*TO DO*
The printed result should hold only the lines from the opening of the data through the line bearing "在科研及文体竞赛方面,强超雄", exactly as given and without pictures.
== DATASET EXTRACT
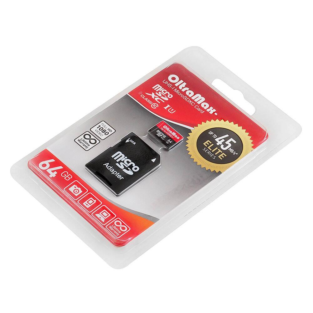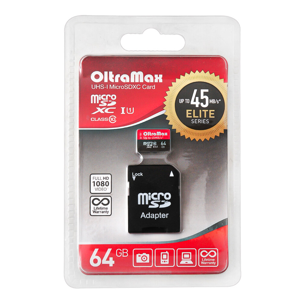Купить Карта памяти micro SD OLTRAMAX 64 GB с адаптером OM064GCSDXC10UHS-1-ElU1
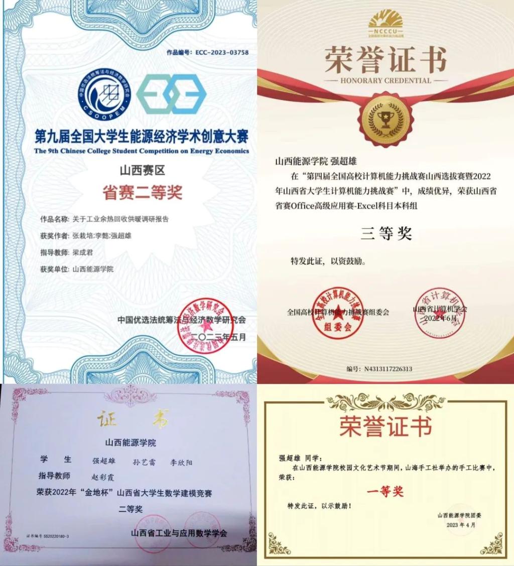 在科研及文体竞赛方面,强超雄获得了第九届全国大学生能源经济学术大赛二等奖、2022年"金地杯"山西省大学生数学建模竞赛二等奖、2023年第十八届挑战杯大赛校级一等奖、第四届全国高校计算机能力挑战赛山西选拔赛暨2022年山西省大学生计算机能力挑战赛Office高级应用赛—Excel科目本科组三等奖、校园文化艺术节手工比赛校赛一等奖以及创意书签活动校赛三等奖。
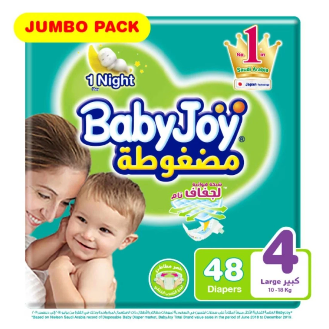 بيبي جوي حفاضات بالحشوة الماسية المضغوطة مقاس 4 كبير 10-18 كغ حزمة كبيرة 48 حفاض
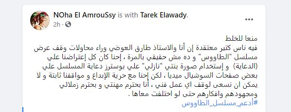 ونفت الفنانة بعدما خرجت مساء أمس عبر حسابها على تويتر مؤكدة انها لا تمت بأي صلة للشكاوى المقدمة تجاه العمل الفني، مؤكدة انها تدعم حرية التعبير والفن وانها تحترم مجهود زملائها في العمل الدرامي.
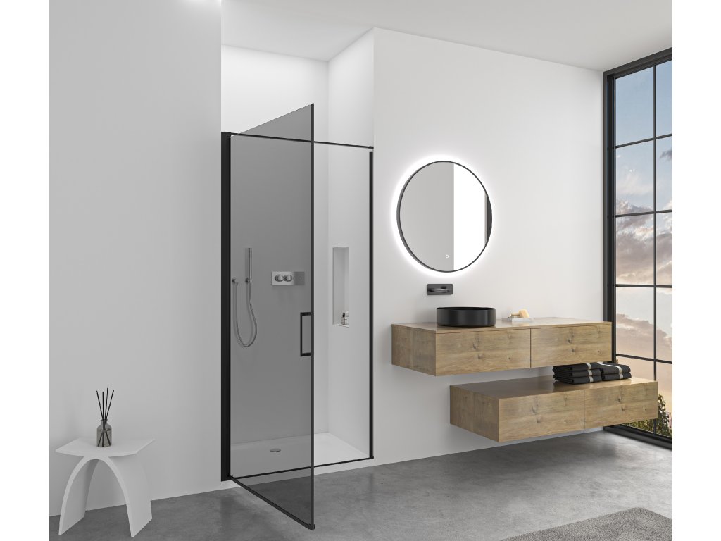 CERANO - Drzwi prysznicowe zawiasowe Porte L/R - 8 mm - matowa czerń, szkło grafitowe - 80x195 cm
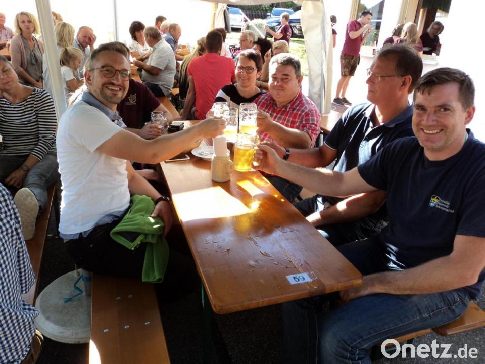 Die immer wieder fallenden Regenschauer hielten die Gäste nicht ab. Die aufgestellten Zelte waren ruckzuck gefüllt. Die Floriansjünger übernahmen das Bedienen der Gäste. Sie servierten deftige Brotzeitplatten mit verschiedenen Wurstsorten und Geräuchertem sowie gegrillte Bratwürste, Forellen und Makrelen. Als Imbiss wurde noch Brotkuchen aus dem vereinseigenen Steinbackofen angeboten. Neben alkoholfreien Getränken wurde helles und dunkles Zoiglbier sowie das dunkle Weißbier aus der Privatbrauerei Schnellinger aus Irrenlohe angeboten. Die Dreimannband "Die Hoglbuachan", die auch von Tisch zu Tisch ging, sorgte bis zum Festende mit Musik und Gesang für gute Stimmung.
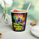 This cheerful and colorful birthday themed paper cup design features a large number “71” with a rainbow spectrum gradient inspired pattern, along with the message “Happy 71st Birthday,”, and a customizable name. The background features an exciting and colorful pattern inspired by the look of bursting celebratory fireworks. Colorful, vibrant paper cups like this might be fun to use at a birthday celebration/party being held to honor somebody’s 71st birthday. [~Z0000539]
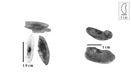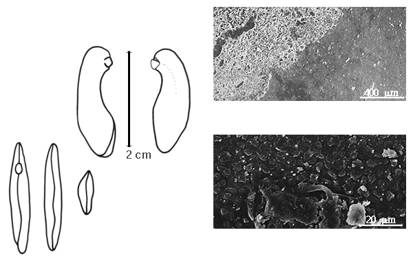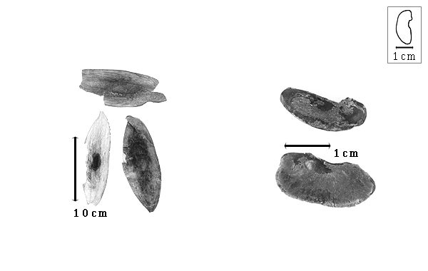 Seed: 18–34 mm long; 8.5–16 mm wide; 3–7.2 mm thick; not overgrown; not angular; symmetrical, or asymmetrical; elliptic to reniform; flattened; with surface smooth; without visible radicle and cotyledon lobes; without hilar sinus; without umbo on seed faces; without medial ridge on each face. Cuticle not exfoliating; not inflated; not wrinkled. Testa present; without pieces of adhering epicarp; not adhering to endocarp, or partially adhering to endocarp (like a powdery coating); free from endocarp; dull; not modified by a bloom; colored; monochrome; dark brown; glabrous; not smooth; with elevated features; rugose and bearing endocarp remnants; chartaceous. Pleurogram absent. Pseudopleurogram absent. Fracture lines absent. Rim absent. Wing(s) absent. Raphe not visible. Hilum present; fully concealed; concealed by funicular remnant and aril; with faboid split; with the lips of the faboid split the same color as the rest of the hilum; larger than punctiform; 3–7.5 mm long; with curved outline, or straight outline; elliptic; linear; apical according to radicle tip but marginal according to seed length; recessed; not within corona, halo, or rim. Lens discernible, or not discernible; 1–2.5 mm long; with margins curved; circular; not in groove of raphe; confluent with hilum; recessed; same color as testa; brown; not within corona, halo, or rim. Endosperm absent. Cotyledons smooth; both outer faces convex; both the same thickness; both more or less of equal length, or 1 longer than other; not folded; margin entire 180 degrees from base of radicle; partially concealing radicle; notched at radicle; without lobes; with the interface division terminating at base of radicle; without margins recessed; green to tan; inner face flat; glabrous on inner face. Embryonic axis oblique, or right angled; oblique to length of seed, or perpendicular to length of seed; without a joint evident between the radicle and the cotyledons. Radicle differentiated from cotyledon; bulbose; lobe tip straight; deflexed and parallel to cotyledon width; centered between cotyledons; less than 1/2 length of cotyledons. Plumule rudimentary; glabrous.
====
*RESPONSE*
Купить Карта памяти micro SD OLTRAMAX 64 GB с адаптером OM064GCSDXC10UHS-1-ElU1
 在科研及文体竞赛方面,强超雄获得了第九届全国大学生能源经济学术大赛二等奖、2022年"金地杯"山西省大学生数学建模竞赛二等奖、2023年第十八届挑战杯大赛校级一等奖、第四届全国高校计算机能力挑战赛山西选拔赛暨2022年山西省大学生计算机能力挑战赛Office高级应用赛—Excel科目本科组三等奖、校园文化艺术节手工比赛校赛一等奖以及创意书签活动校赛三等奖。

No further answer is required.